Boosting Single Positive Multi-label Classification with Generalized Robust Loss
Yanxi Chen, Chunxiao Li, Xinyang Dai, Jinhuan Li, Weiyu Sun, Yiming Wang, Renyuan Zhang, Tinghe Zhang, Bo Wang
TL;DR
This paper tackles SPML where each sample has only one verified positive label, addressing the resultant false negatives and label imbalance. It introduces Generalized Robust Loss (GR Loss), a framework built on expected risk minimization that combines soft pseudo-labeling via a calibrated $\hat{k}(p;\beta)$, instance/class-aware reweighting $v(p;\alpha)$, and three robust surrogate losses $\mathcal{L}_1, \mathcal{L}_2, \mathcal{L}_3$ to form a unified loss. The method unifies and extends existing SPML/MLML losses by mapping them into the GR framework, and it demonstrates state-of-the-art performance on VOC, COCO, and NUS benchmarks, with competitive results on CUB due to label-correlation effects. The work provides gradient analyses and ablations that highlight the importance of pseudo-label calibration and robust loss design for handling missing labels and intra-/inter-class imbalance, offering practical gains for SPML applications while noting limitations and future directions such as dynamic loss parameters and explicit label correlations.
Abstract
Multi-label learning (MLL) requires comprehensive multi-semantic annotations that is hard to fully obtain, thus often resulting in missing labels scenarios. In this paper, we investigate Single Positive Multi-label Learning (SPML), where each image is associated with merely one positive label.
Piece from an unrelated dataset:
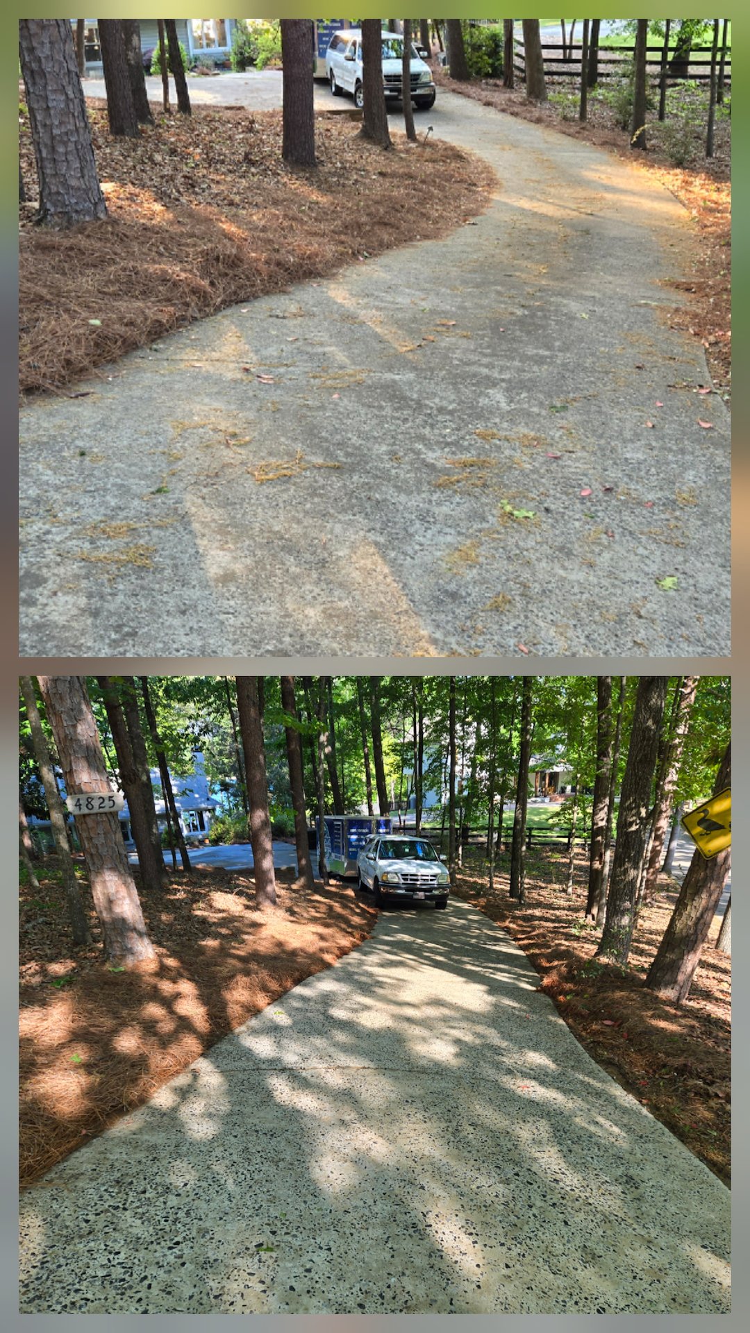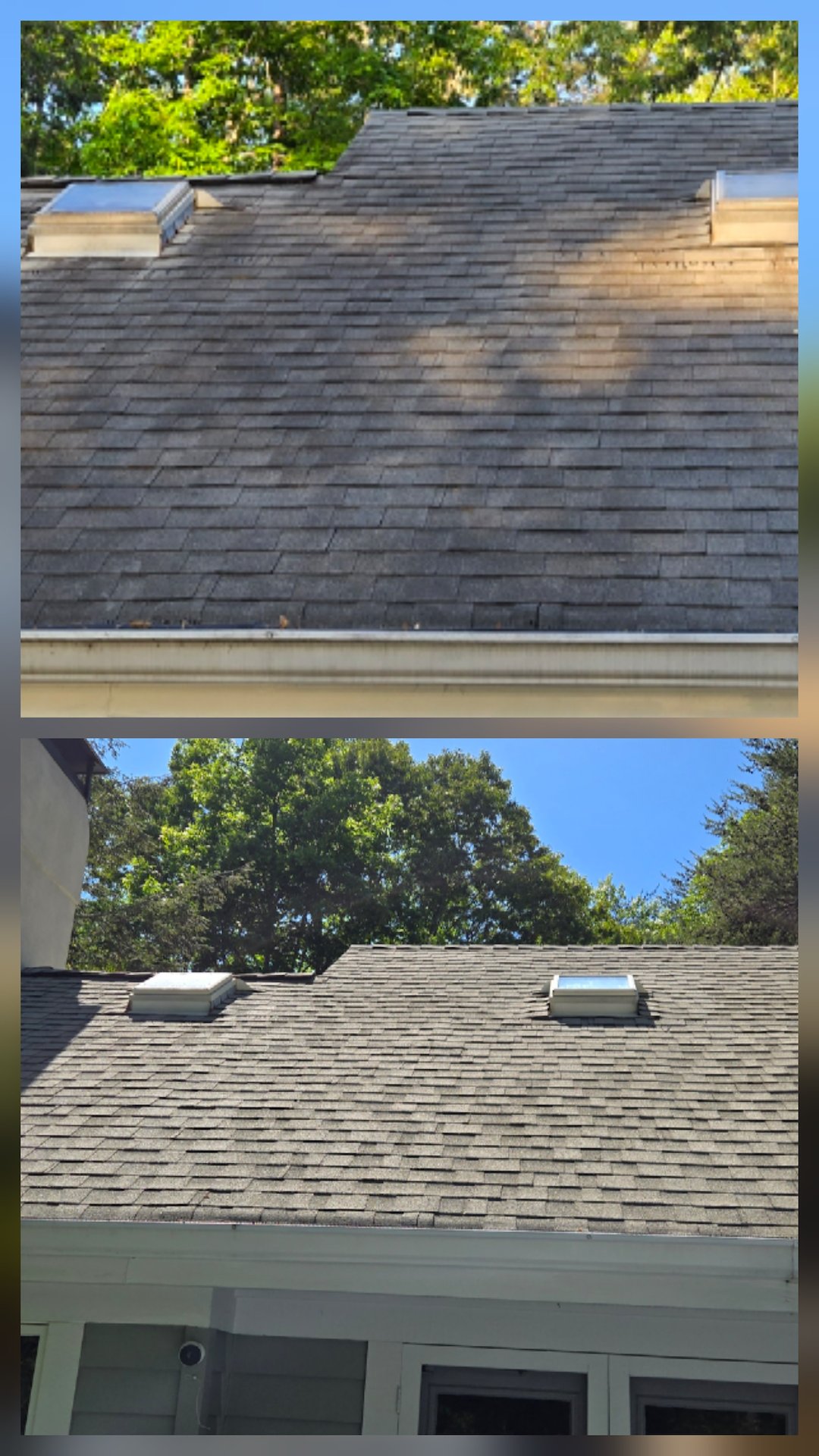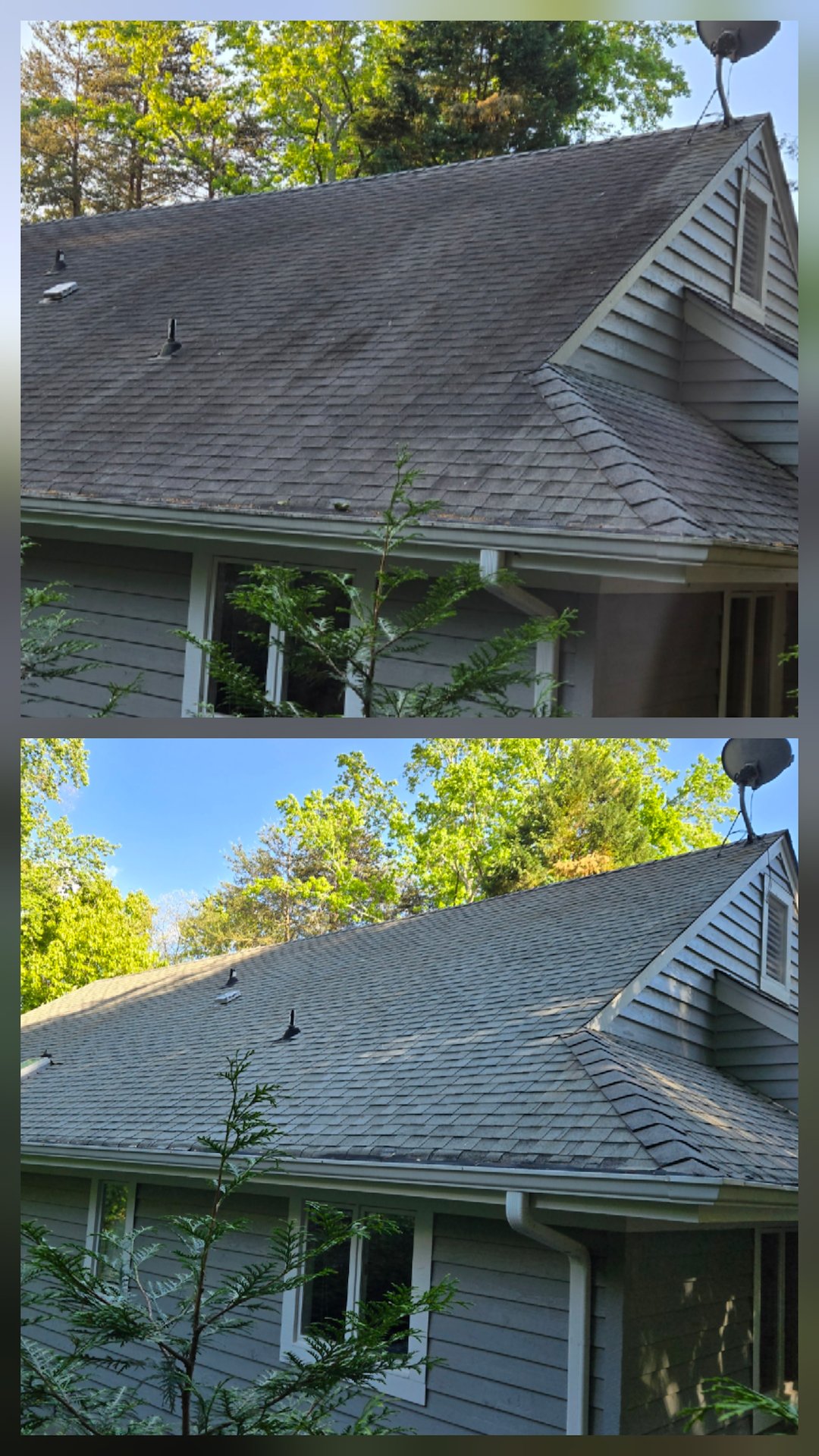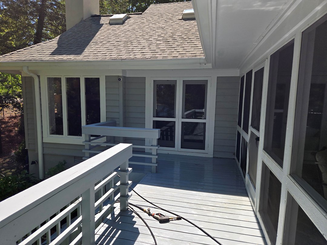 The roof, house, and decks were all soft-washed, and the driveway was pressure-washed. The Gloeocapsa magma was eliminated from the roof, which makes it look fantastic and extends the life of the shingles. Gloeocapsa magma feeds on the limestone, which serves as a filler in shingle manufacturing. This process results in the loss of granules that provide protection to the shingles.

Existing SPML methods only focus on designing losses using mechanisms such as hard pseudo-labeling and robust losses, mostly leading to unacceptable false negatives. To address this issue, we first propose a generalized loss framework based on expected risk minimization to provide soft pseudo labels, and point out that the former losses can be seamlessly converted into our framework. In particular, we design a novel robust loss based on our framework, which enjoys flexible coordination between false positives and false negatives, and can additionally deal with the imbalance between positive and negative samples. Extensive experiments show that our approach can significantly improve SPML performance and outperform the vast majority of state-of-the-art methods on all the four benchmarks.